Ms Goose sitting on her nest.

Follow her on Twitter for the lastest updates.

Sunday, May 3, 2009

Today Is Better

Yesterday was rough, today is better and tomorrow will be much better.

Thank you for your support.

Saturday, May 2, 2009

Feeling Irritated

As with each cycle ... today and tomorrow are the worst days. Thou with the reduced dosage of Taxotere, the side effects are lesser than say a couple of months ago.

I'm feeling irritated and moody and my head is not clear. I just don't really know what I want to do at any particular time.

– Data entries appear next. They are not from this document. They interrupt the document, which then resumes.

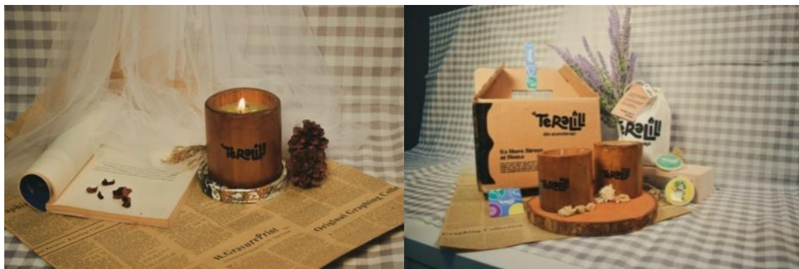
Gambar 10. Contoh Packaging Produk Teralili

Pemasaran lilin aromaterapi dari minyak jelantah dilakukan melalui berbagai media pemasaran yang beragam untuk mencapai audiens yang lebih luas. Kombinasi dari media pemasaran daring dan offline menjadi strategi yang efektif dalam memperkenalkan dan memasarkan lilin aromaterapi dari minyak jelantah ini kepada konsumen potensial, sambil mempromosikan kesadaran lingkungan dan keberlanjutan.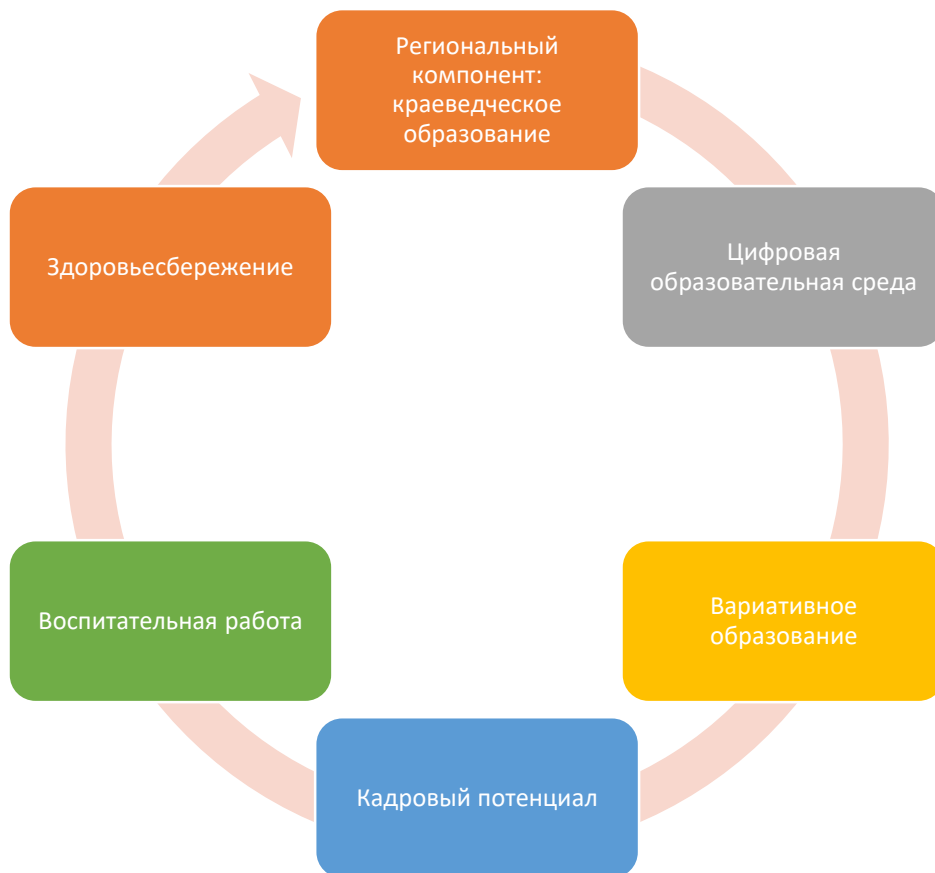
Рис.1. Целевые проекты программы развития

Основные направления изменений в системе образования Василеостровского района обеспечиваются через реализацию шести проектов (Рис.1).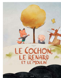
LE COCHON, LE RENARD ET LE MOULIN 17h30

Cinéma - Salle de spectacle et de cinéma d'Aime avec 73210Zimages Plein Tarif 5,50€ - Tarif Réduit ou Adhérent 4,50€ - moins de 14 ans 3,50€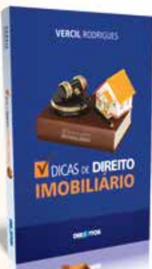
DICAS DE DIREITO IMOBILIÁRIO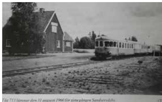
Tåget 713 lämnar den 31 augusti 1960 för sista gången Sandserydsby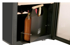
Panier de transport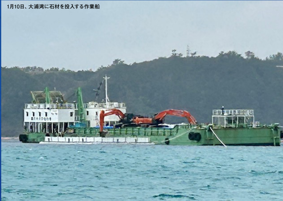
1月10日、大浦湾に石材を投入する作業船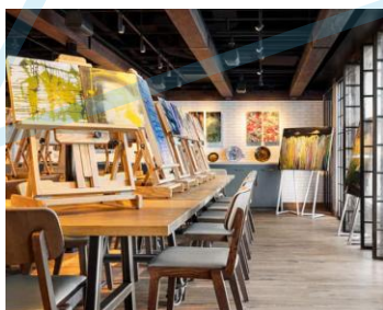
Artist Loft 藝術家工作室 樓層：14 需額外付費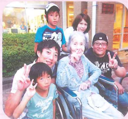
ご家族揃って、ハイチーズ!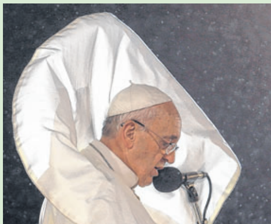
Papa Francisco enfrentou o tempo frio, com chuva e vento na praia de Copacabana

Em um português com leve sotaque e estilo coloquial, o papa Francisco se sucedeu à presidente Dilma no Palácio Guanabara para exaltar, em discurso, a importância dos jovens, a quem chamou de "menina dos olhos". O pontífice afirmou que veio ao Brasil para se juntar a jovens de todo o mundo, que foram atraídos ao País pelo braços do Cristo Redentor. Na despedida, o papa expressou a esperança no fortalecimento da "fé cristã" entre os brasileiros. Francisco ainda pediu para que os jovens saiam às ruas e disseminem a fé entre as pessoas. Nas fotos, cenas da passagem do papa Francisco pelo Brasil.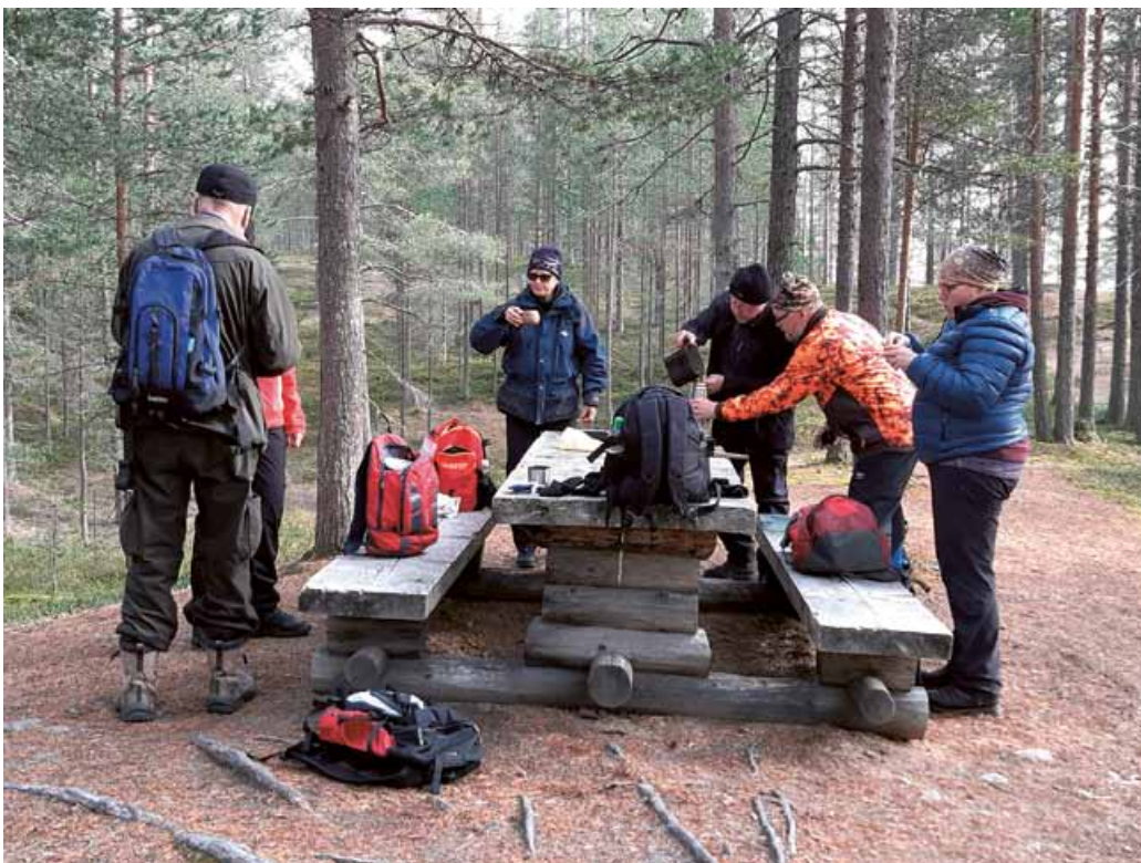
Taulla Hirsiniemen patikkareitillä Livohkassa syksyllä 2019.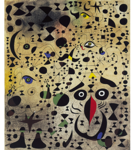
Görsel 19. Joan Miró. The Beautiful Bird Revealing the Unknown to a Pair of Lovers, (from the Constellation series). 1941. (Sağda)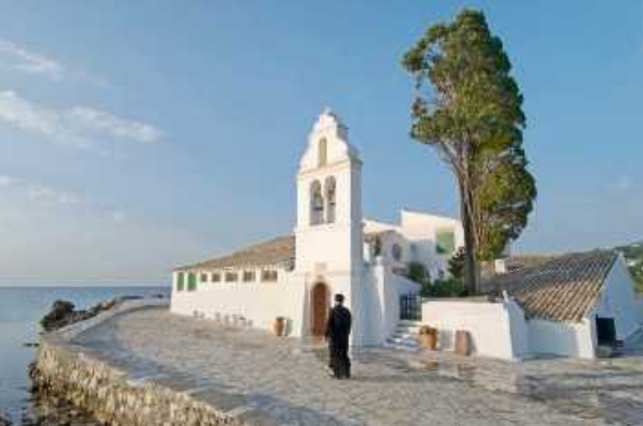
Kloster Vlacherna, Korfu

Über tausend Inseln, kleine Eilande und Felsen säumen die Adriaküste Kroatiens. Bei einer Bootsfahrt von Zadar aus können Sie die zauberhafte Inselwelt entspannt genießen. Auf Entdecker wartet die wunderschöne Altstadt von Zadar. Die zweigeschossige Rundkirche, einst als Hauskapelle für Bischof Donatus erbaut, ist das Wahrzeichen der Stadt.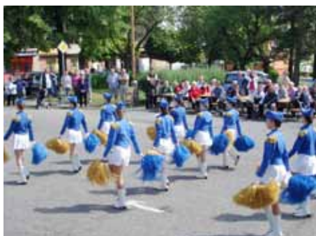
Orchestr M. Lázně s majoret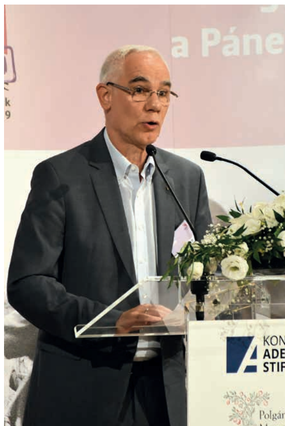
Balog Zoltán egykori miniszter

Balog Zoltán az előző két nap tanulságaként fogalmazta meg ugyanakkor egyrészt, hogy a klasszikus kelet-nyugati megkülönböztetésen túlmutató különbségtételekre van szükség Európában. Másrészt figyelmeztetett arra, hogy éppen a Páneurópai Piknik eseményeire való emlékezés során soha ne engedjük relativizálni a rendszerváltozás jelentőségét: „Az, hogy voltak 1989-ben az akkori rezsimnek olyan világosan látó és erkölcsileg is bátor politikusai, akik a szabadság oldalára álltak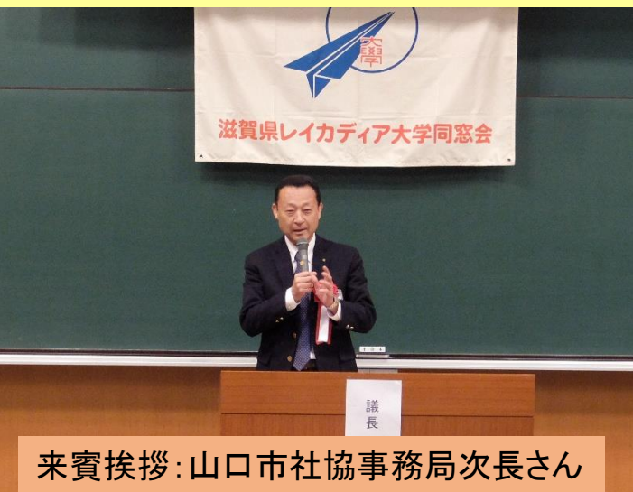
来賓挨拶: 山口市社協事務局次長さん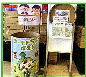
▲スーパーマーケットバロー御嵩店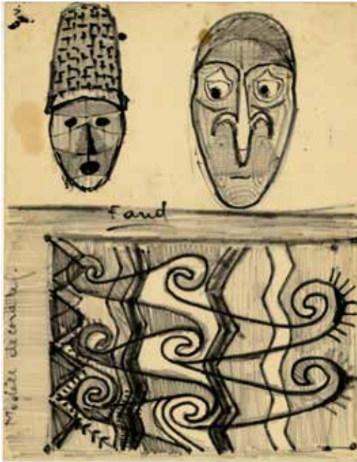
Farid Belkhaia, Modèle décoratif , 1958 Feutre sur papier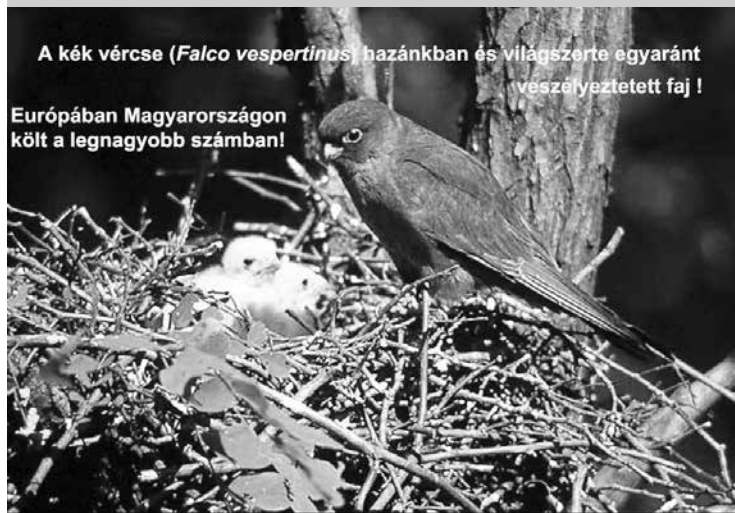
A kék vércse ( Falco tinnunculus ), hazánkban és világszerte egyaránt veszélyeztetett faj!

Európában Magyarországon költ a legnagyobb számban!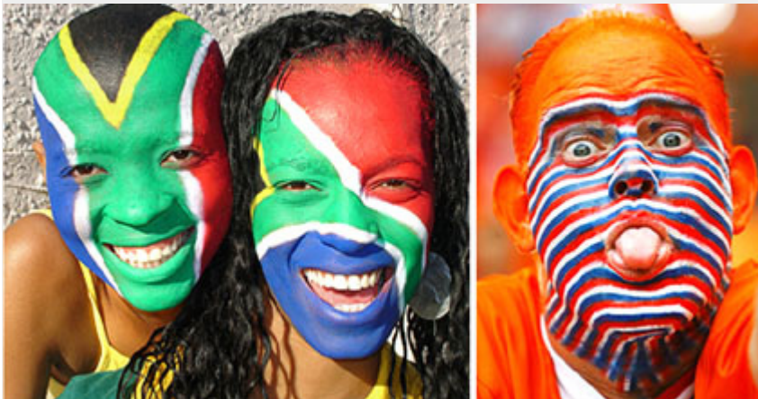
Dél-afrikai és holland szurkolók, a 2010-es futball vb-n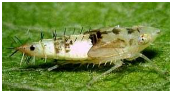
L5 – larve stade 5 (5 mm)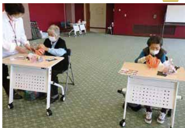
すまいる広場での工作づくり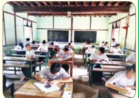
မွန်ပြည်နယ် သံဖြူဇရပ်မြို့၌ ဒုတိယနေ့ အင်္ဂလိပ်စာဘာသာရပ် ကျောင်းသား ကျောင်းသူများ အေးချမ်းစွာဖြေဆိုကြစဉ်။ မြို့နယ်(ပြန်/ဆက်)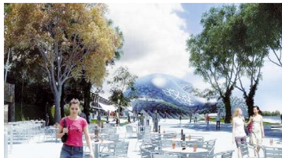
Pôvodný projekt návrhu vizualizácie pamätníka a múzea na Gondovej ulici.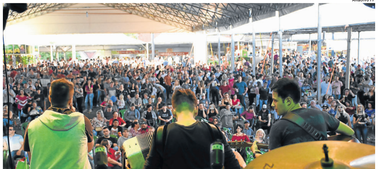
Shows são marca registrada da Festa de Maio de Teutônia

Comercial, Industrial e de Serviços 25/05 – das 18h às 22h 26 a 28/05 – das 10h às 22h 29/05 – das 10h às 18h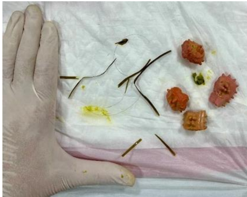
Figura 12: Corpos estranhos removidos do estômago do cão por meio de endoscopia, sendo quatro pedaços de brinquedo de plástico e algumas folhas de grama.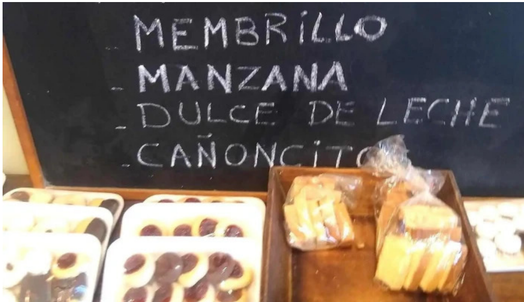
La aldea casa de medialunas carta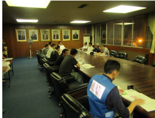
美唄市役所での活動の様子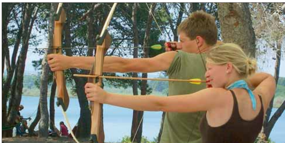
Zur Ausstattung des Sportcamps auf Sardinien gehört neben Mountainbikes, Kanus und Ballsportplätzen auch eine Bogenschießanlage.

Im Sportcamp auf Sardinien machten unterschiedliche Jugendgruppen gemeinsam Ferien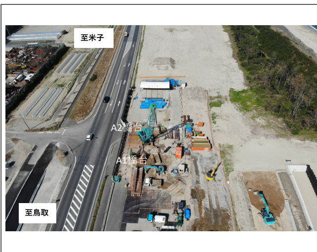
橋台施工箇所 全景（東側より西側を望む）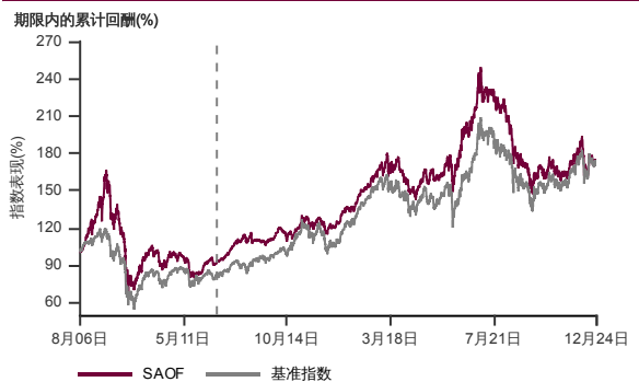
表现指标图截至2024年12月31日*

2006年7月至2024年12月 净资产值 - 净资产价格和假设收入再投资到基金, 其总投资是以马币为基础。基金价格和收益(视情形而定)随时波动 过去表现不应视为未来表现的准则。截至2012年6月15日 基准被替换为 MSCI 亚洲所有国家除日本指数 EDITED。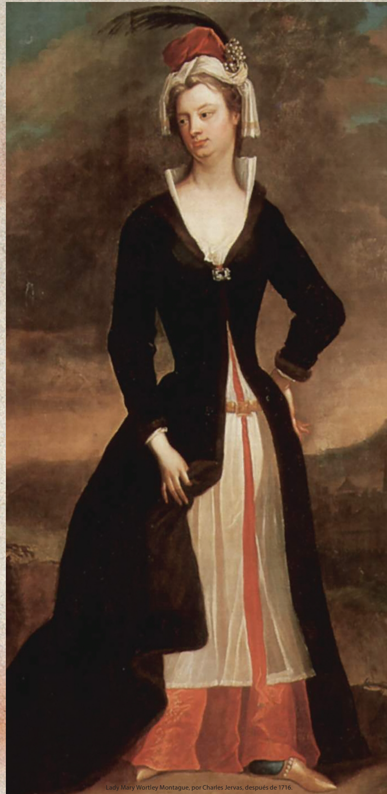
Lady Mary Wortley Montague, por Charles Jervas, después de 1716.

Lady Mary Wortley Montagu, hija de Evelyn Pierrepont primer Duque de Kingston-upon Hull, decidió leer y aprender por su cuenta latín. Su ambición era dedicarse a escribir y casarse con la persona que ella eligiera, no a quien le seleccionaran. Así eligió a Edward Wortley Montagu, que tenía ambiciones políticas. Ya casados, se le comisionó como embajador en el Imperio Otomano en Constantinopla y, sin titubear, Lady Mary no aceptó un NO, cuando él sugirió que se quedara en Londres con su hijo, por lo largo del viaje y lo peligroso. Su curiosidad la acercó a las mujeres del harem; le llamó la atención la piel de éstas, que no presentaban las cicatrices que dejaba la viruela; a la vez, observó que se practicaba un procedimiento que realizaban algunas mujeres y que consistía en ocasionar una serie de abrasiones que ocasionaran sangrado, con una aguja en la piel de los niños y niñas, y se mezclaban con el producto de las pústulas de sujetos que hubiesen padecido la enfermedad. El resultado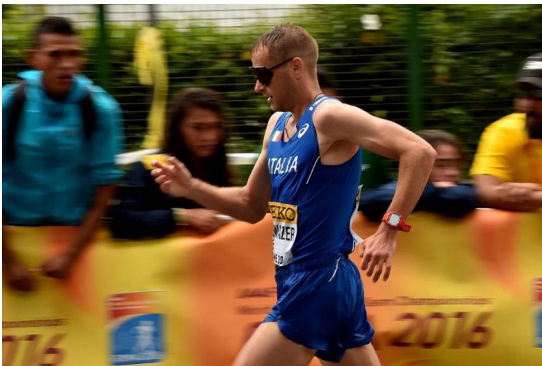
Schwazer en la Copa del Mundo de mayo de 2016 en la que consiguió el pase para los Juegos de Rio.

R. Me encantaría, sí, y espero poder ir. Estoy sancionado por algo que no he hecho. Tengo 36 años, me gustaría hacer alguna competición más; este año, el que viene. No está en mi mano y sé que es complicado.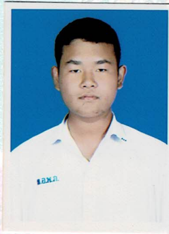
ประชาสัมพันธ์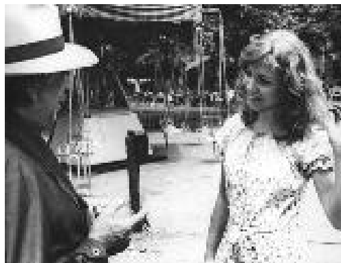
Crecer de golpe (Sergio Renán – 1977)

Tanto la novela como la película se adscriben a la idea pequeño burguesa de la fatalidad. Desde esta perspectiva, es imposible escapar a los mandatos del destino. Contra lo que algunos teóricos opinan con respecto al melodrama, a pesar del sufrimiento vale la pena vivir a fondo una tregua . De este modo, el melodrama argentino se diferencia notablemente del de otros países latinoamericanos. Aunque Renán no fuera consciente, LA TREGUA radiografía formas de vida que se habían mantenido invariables durante décadas, al menos para la pequeño burguesía urbana. En este aspecto funciona como un réquiem, ya que los cambios sociales, políticos y económicos que sufriría este grupo, cambiarían radicalmente el concepto de familia, al menos el que se había aprendido en los viejos libros de lectura escolar y se había transmitido a través de los medios masivos de comunicación.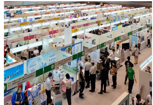
あまがさき産業フェア2023

優れた技術を持つ中小企業と大企業等とのマッチングを目的としたセミナーを開催し、商工会議所等の協力のもと、企業への伴走型支援を実施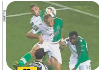
85' Ewerton é o jogador que acaba por cabecear a bola e neste momento fica a dúvida se William Carvalho tem ou não influência no lance. Aqui prevalece o critério do árbitro e aceita-se a decisão de Hugo Miguel de validar o lance.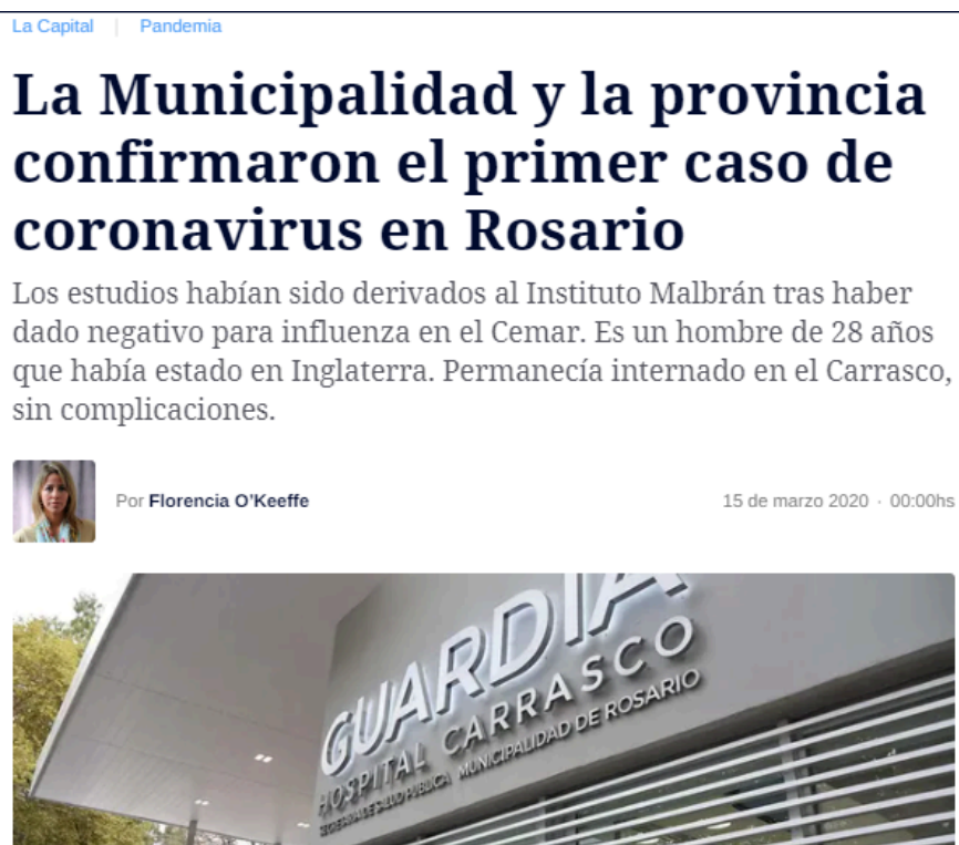
Figura 3: Captura de pantalla de la nota publicada en La Capital sobre el primer caso de Covid registrado en la ciudad de Rosario

Cuando el gobierno dispuso el comienzo del Aislamiento Social, Preventivo y Obligatorio, a partir del 20 de marzo de 2020, los trabajadores de La Capital se vieron en una situación muy particular que obligó a la empresa a proveer respuestas y soluciones de manera muy rápida. Más allá de la disposición del Ejecutivo Nacional de aislar a las personas que se consideraban población de riesgo frente al virus, la capacidad física de la redacción no era suficiente para poder cumplir con las medidas de distanciamiento. Entonces, lo primero fue decidir quiénes irían a trabajar en forma presencial a la redacción y quiénes se quedarían en sus hogares, y adaptar el espacio a las necesidades de cuidado del personal. Quienes sufrían de alguna condición de salud que pusiera en riesgo sus vidas o las de sus familiares ante un posible contagio fueron alertados y aconsejados por sus médicos a quedarse en sus casas. Mientras esto se debatía entre los encargados, hubo un periodo de aproximadamente tres semanas en el que todo el personal trabajó desde la casa.

My goal is to get through the next couple of days as quickly as possible.

That is all for today ...

Friday, May 1, 2009

Tricks Of The Trade

As people start the treatment for cancer and especially, chemotherapy, one starts pretty 'green' and what I mean about that is there is a lot to learn about the drugs and how your individual body deals with them. I know when I first started with the Taxotere in August, I had to figure out what caused what side effects. Chemo had its side effects but so did the steroids and the anti-nausea pills.

Zofran the anti-nausea .... caused me terrible constipation. The first chemo cycle, I was constipated for 4 days ... that caused just about more grief than the chemo did. I had terrible head aches, back pain and frustration. It didn't take me long to learn I had to take something to help me along. What I found worked best was a couple Senekot S pills on Thursday night and a couple more on Sunday night of the first week. Even with the Senekot S, constipation is very uncomfortable and a pain in the you know what.

My prescription says to take 6 Zofran pills each cycle but have been cutting back for the last 3-4 cycles because I do not have nausea. Against doctors order, I now take 3 pills per cycle. This may not be for everyone but it works for me. Because of that, I have cut back the Senekot S to Thursday night only.

By the way, I have also tried Metamucil, bran bars, diet (fruit and veggies), juice and lots of water but nothing really worked. Again, every one's body is different and everyone has to figure out what works for them.